ACTIVITY: Below is a listing; restate from it, character for character, the lines beginning at the line holding "- At the prompt" and ending at the line holding "Il y avait déjà", both included.

RECORDS FOR PROCESSING:
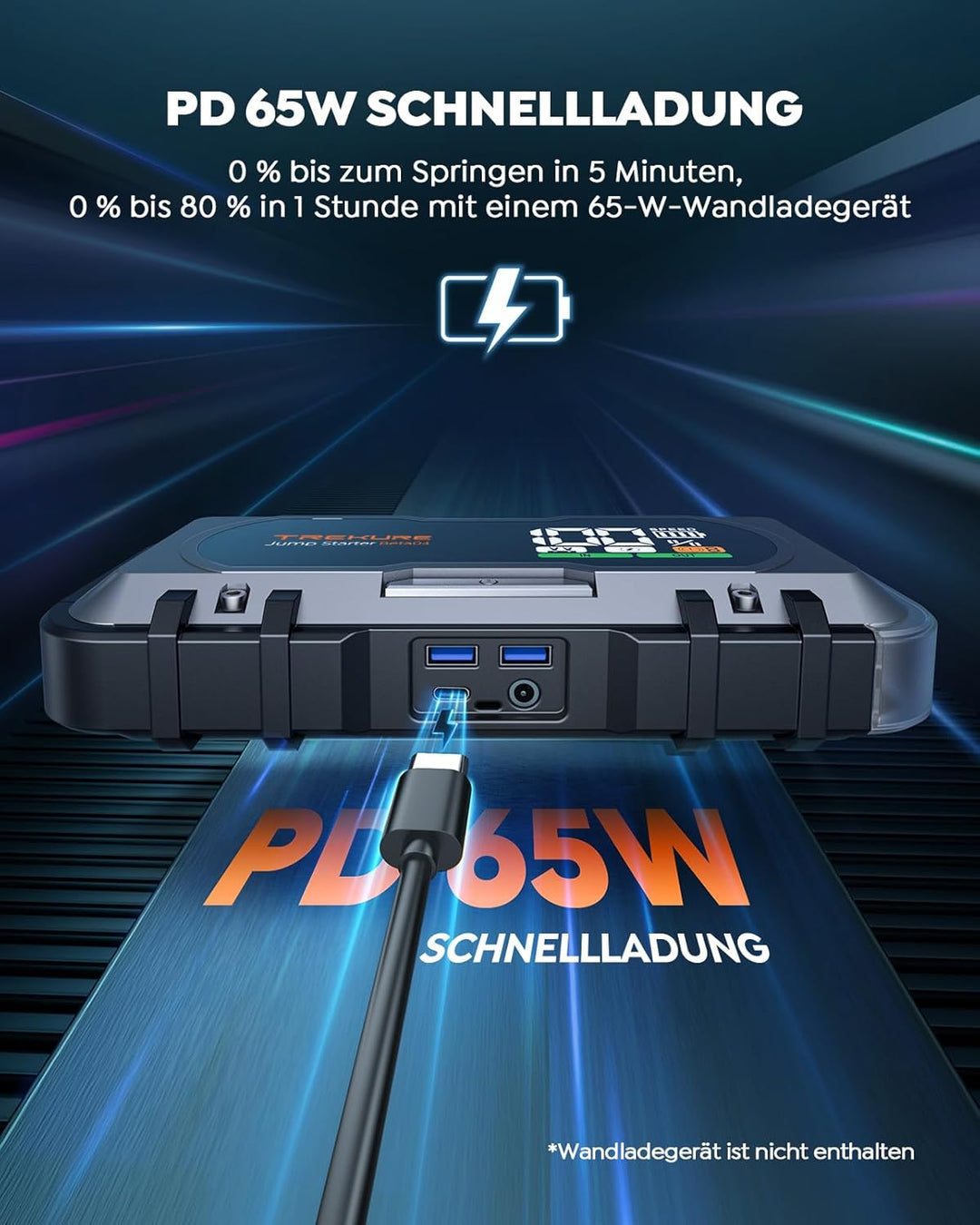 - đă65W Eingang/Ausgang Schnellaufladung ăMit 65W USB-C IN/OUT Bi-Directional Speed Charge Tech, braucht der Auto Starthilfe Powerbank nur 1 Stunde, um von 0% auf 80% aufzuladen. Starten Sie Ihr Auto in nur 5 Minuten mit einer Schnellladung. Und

* * *

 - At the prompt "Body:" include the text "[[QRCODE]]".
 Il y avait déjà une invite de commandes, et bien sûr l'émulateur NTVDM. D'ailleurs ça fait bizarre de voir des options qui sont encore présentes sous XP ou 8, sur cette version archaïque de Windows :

RESULT:
 - At the prompt "Body:" include the text "[[QRCODE]]".
 Il y avait déjà une invite de commandes, et bien sûr l'émulateur NTVDM. D'ailleurs ça fait bizarre de voir des options qui sont encore présentes sous XP ou 8, sur cette version archaïque de Windows :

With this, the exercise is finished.